● WORK REQUEST
When you reach the line that contains "Seamless pattern design", please begin copying, and carry on exactly to the last line of the material, leaving out every picture.

● THE DATA
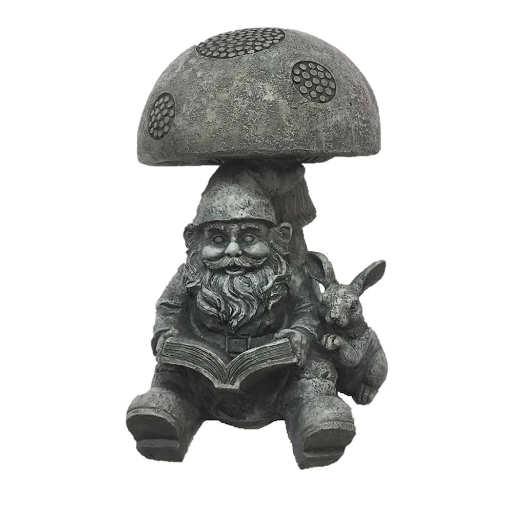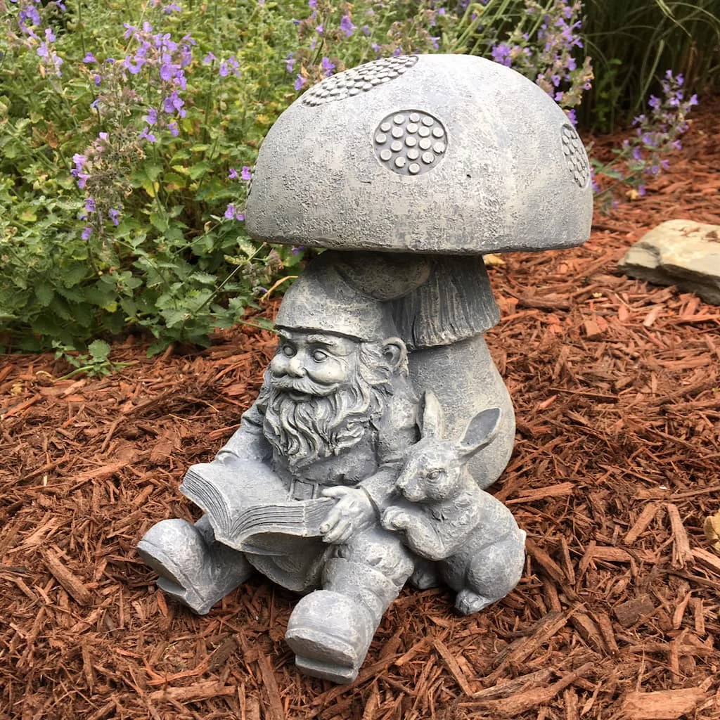 This happy gnome is taking a well earned break from the sun with two of his favorite companions: a book and a bunny! Delightfully detailed and crafted from long lasting resin, this wonderful figurine will provide many seasons of enjoyment.
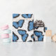 Seamless pattern design with blue morpho butterflies on hydrangea flowers linework background.
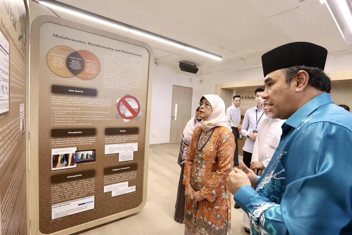 Presiden Halimah Yacob telah melawat Masjid Khadijah pada Khamis untuk melihat Galeri Majulah Kumpulan Pemulihan Keagamaan (RRG).
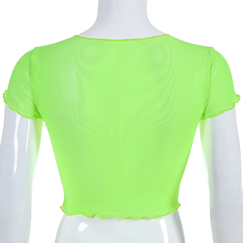 Модный женский флуоресцентный топ с круглым вырезом и коротким рукавом

● ANSWER TO THE EXERCISE
 Seamless pattern design with blue morpho butterflies on hydrangea flowers linework background.
 Presiden Halimah Yacob telah melawat Masjid Khadijah pada Khamis untuk melihat Galeri Majulah Kumpulan Pemulihan Keagamaan (RRG).
 Модный женский флуоресцентный топ с круглым вырезом и коротким рукавом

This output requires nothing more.